The al-Quds Brigade is part of a pro-Assad force which attacked Handarat, north of Aleppo city, early Tuesday.
Kerry: US and Russia Plan “Concrete Steps”
US Secretary of State John Kerry said on Tuesday that the US and Russia have planned “concrete steps” for their intervention in Syria.
Four days after he visited Moscow to present a proposal for a US-Russian command-and-control center, Kerry spoke again with Russian Foreign Minister Sergei Lavrov.
Kerry did not speak about the center to exchange intelligence and coordinate airstrikes against the Islamic State and the jihadists of Jabhat al-Nusra. Instead, he said that more work was needed on steps to be implemented and emphasized that the US is urging Russia to persuade the Assad regime to halt bombing of opposition groups and civilians.
The Secretary of State said of his latest talk with Lavrov:
We both believe that we have an understanding of the direction we are going in and what needs to be achieved. Our teams will meet shortly.

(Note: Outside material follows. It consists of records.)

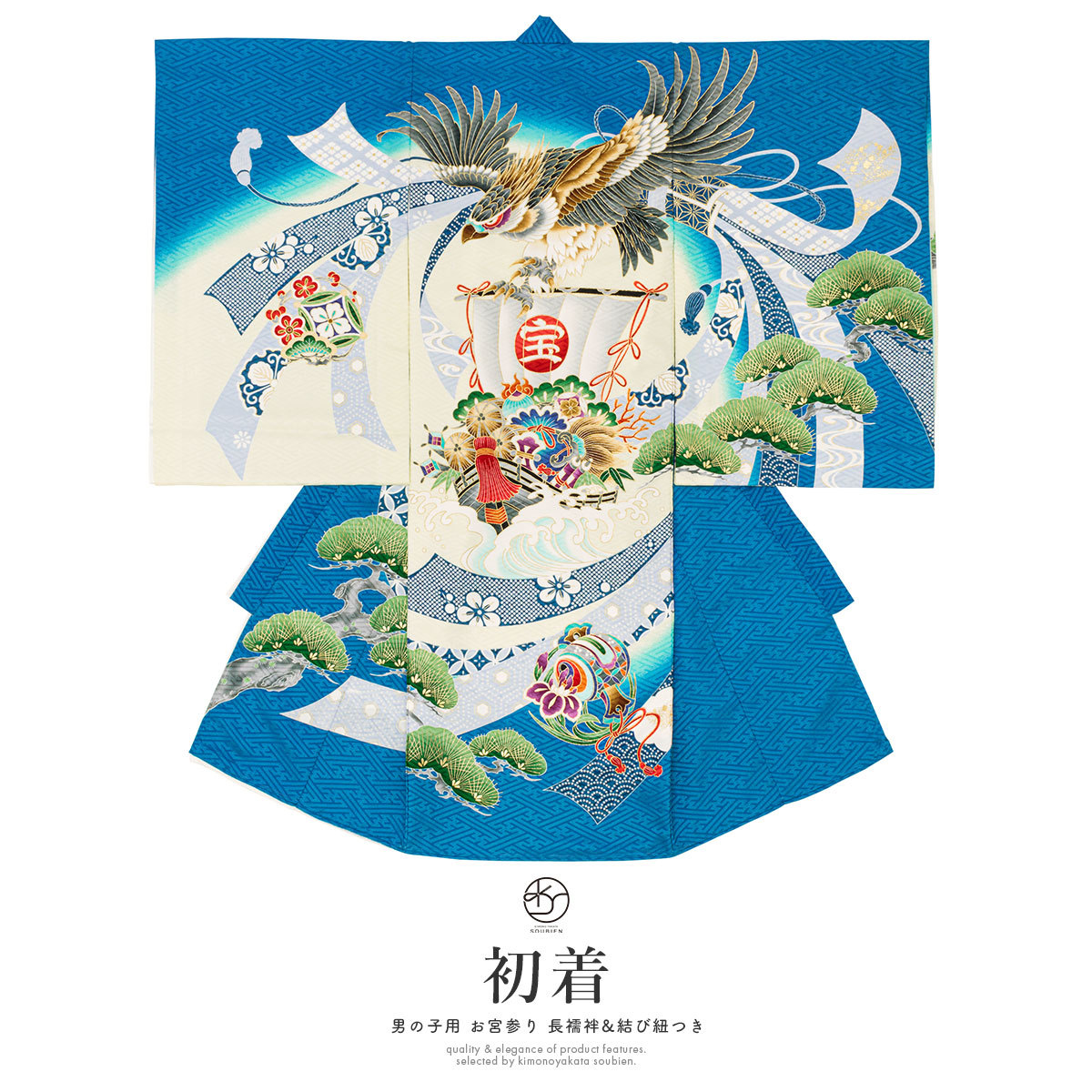 産着 男 男の子 販売 初着 青 ブルー 鷹 宝船 和柄 男児 掛け着 うぶぎ 祝着 お宮参り ポリエステル お祝い 赤ちゃん
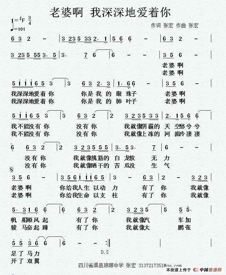 关于《老婆啊 我深深地爱着你》曲谱的评论
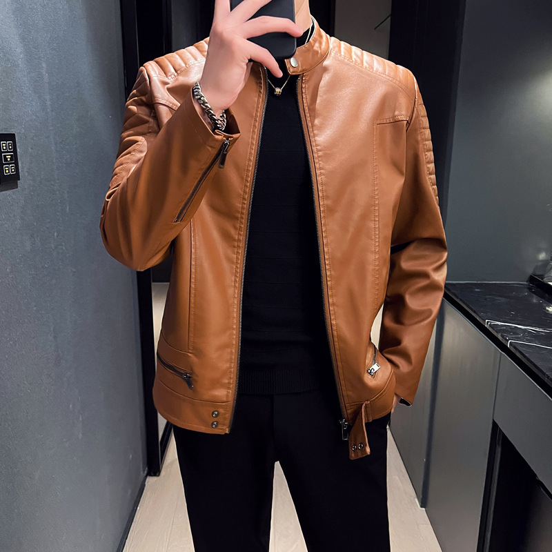 男性コートの男性秋冬の革の服のジャケットのメンズの新型の流行の韓国版の修身の薄いタイプのファッションの機関車の服のファッション
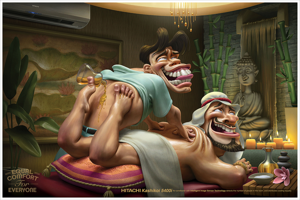 Hitachi Air Conditioners distribute equal cooling to all corners of the house/room. To drive home this message Dentsu Impact created a three-ad campaign bringing alive three everyday situations through illustrations. Quirkily illustrated, the campaign shows that both the head massager and his client, the foot massager and her client, and the body massager and his client are giving each other equal comfort.
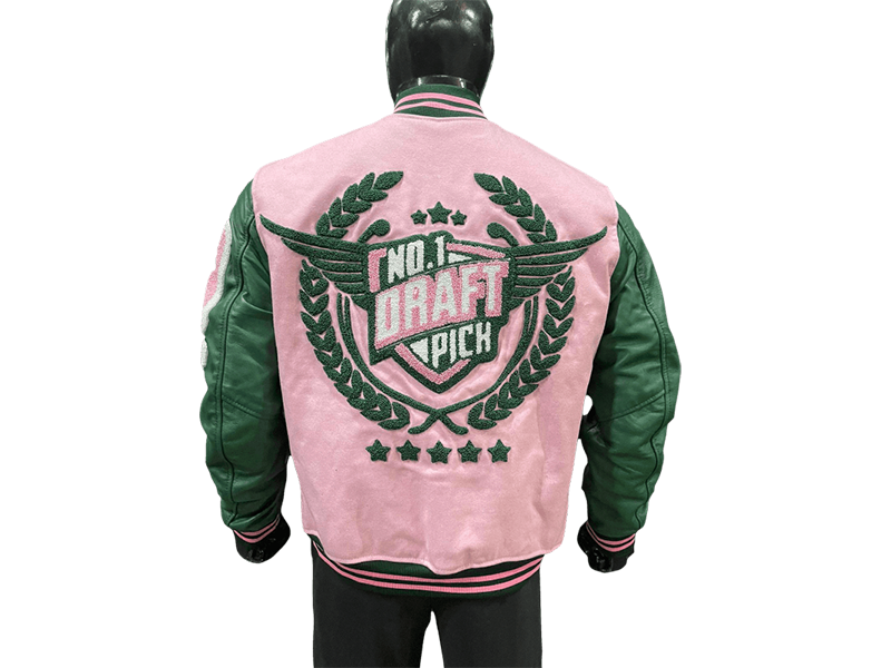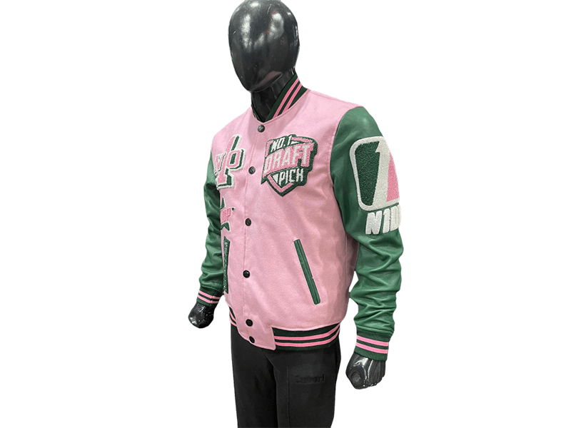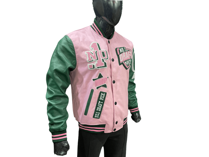 N1DPVSJ-4000-N1DP VARSITY (ALPHA KAPPA PINK/GREEN) WOOL BODY-LAMB SKIN LEATHER SLEEVE
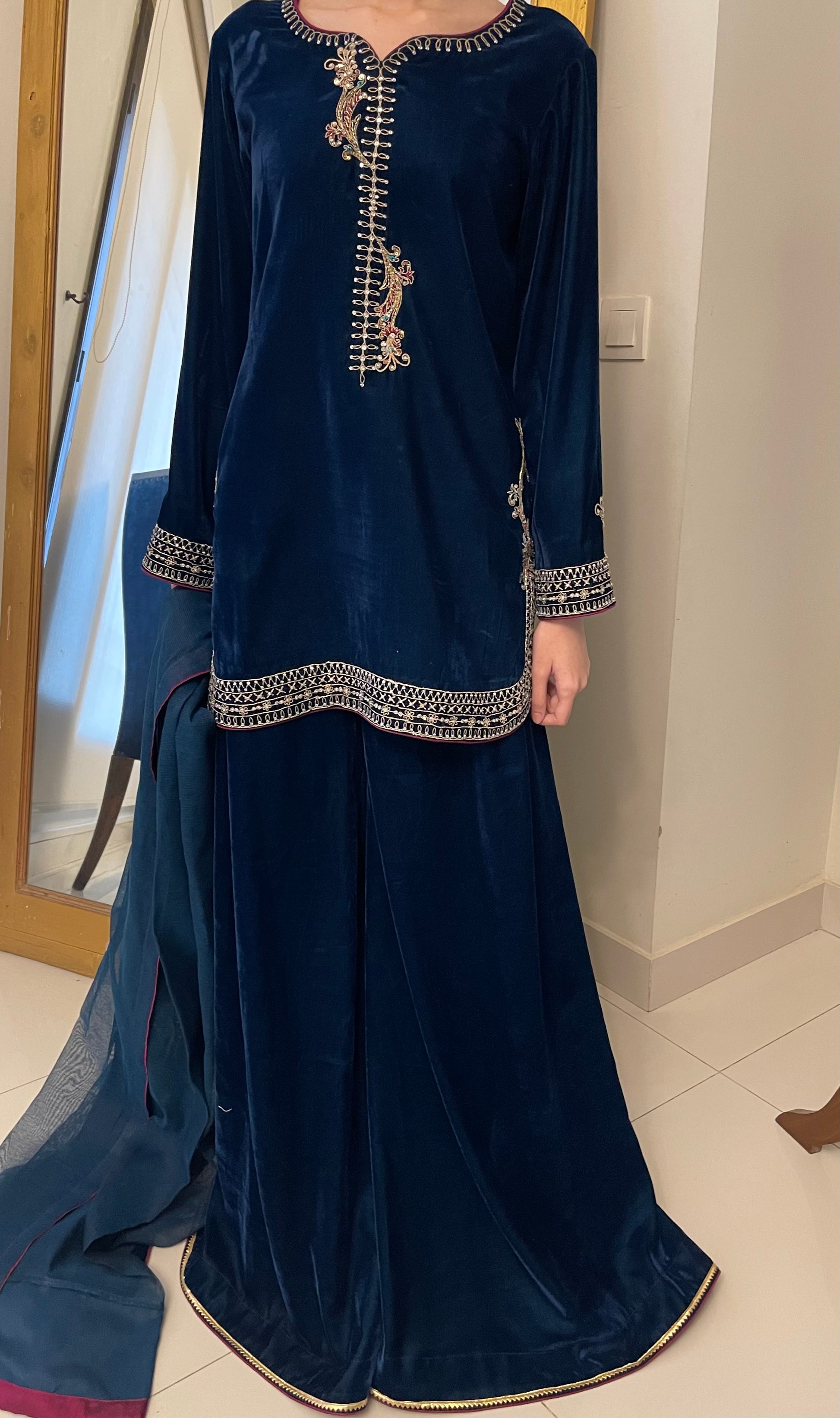 Teal blue short shirt with flaired pants
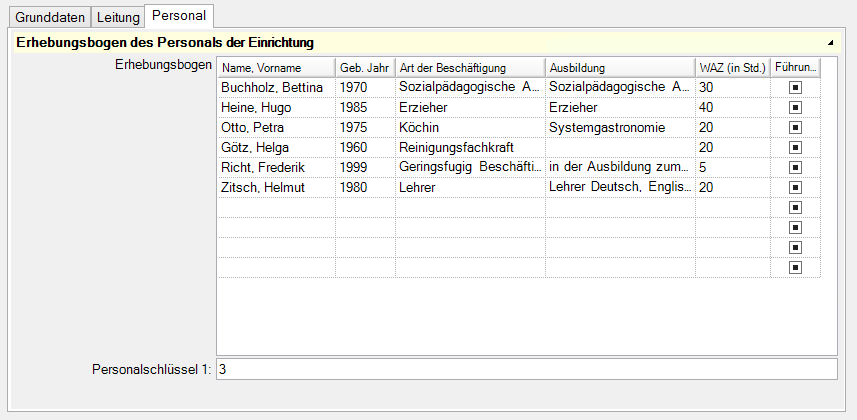 Hinterlegung des Erhebungsbogens des Personals und die Definition des Personalschlüssels.
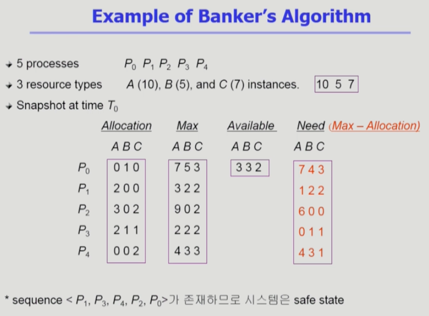 - 프로세스의 sequence <p1, p2, p3 … pn>이 safe하려면 Pi(1 <= i <= n)의 자원 요청이 가용 자원 + 모든 Pj(j < i)의 보유 자원 에 의해 충족되어야 함.

We are going to continue to do that in order to bolster the cessation of hostilities and in order to increase our capacity to fight back against al Qaeda, which is Nusra, as well as fight back against ISIL [the Islamic State].
We will also do everything in our power to improve delivery of food, medicine, water, incredibly essential humanitarian needs.
Russia has indicated that any agreed US-Russian cooperation will also include attacks on Syrian rebel factions, as they have not “separated” themselves from Jabhat al-Nusra.
Kerry also met UN envoy Staffan de Mistura in London on Tuesday.
France Calls for Pressure on Assad
In a contrasting statement, French Foreign Minister Jean-Marc Ayrault called for pressure on the Assad regime to avoid deadly sieges and attacks across the country.
Ayrault spoke both of the imminent siege on up to 400,000 people in opposition-held Aleppo city, after pro-Assad forces established control over the last route into the area, and the siege, bombardment, and ground attacks on Darayya near Damascus.
“We are extremely concerned by the situation in Aleppo, but Darayya as well,” Ayrault said. “Darayya is a symbol and we fear a real massacre.”
Before meeting US and European counterparts, Ayrault referred to the November Presidential election in the US, “What we cannot accept is to wait for election calendars. We need to launch a call to help those besieged.”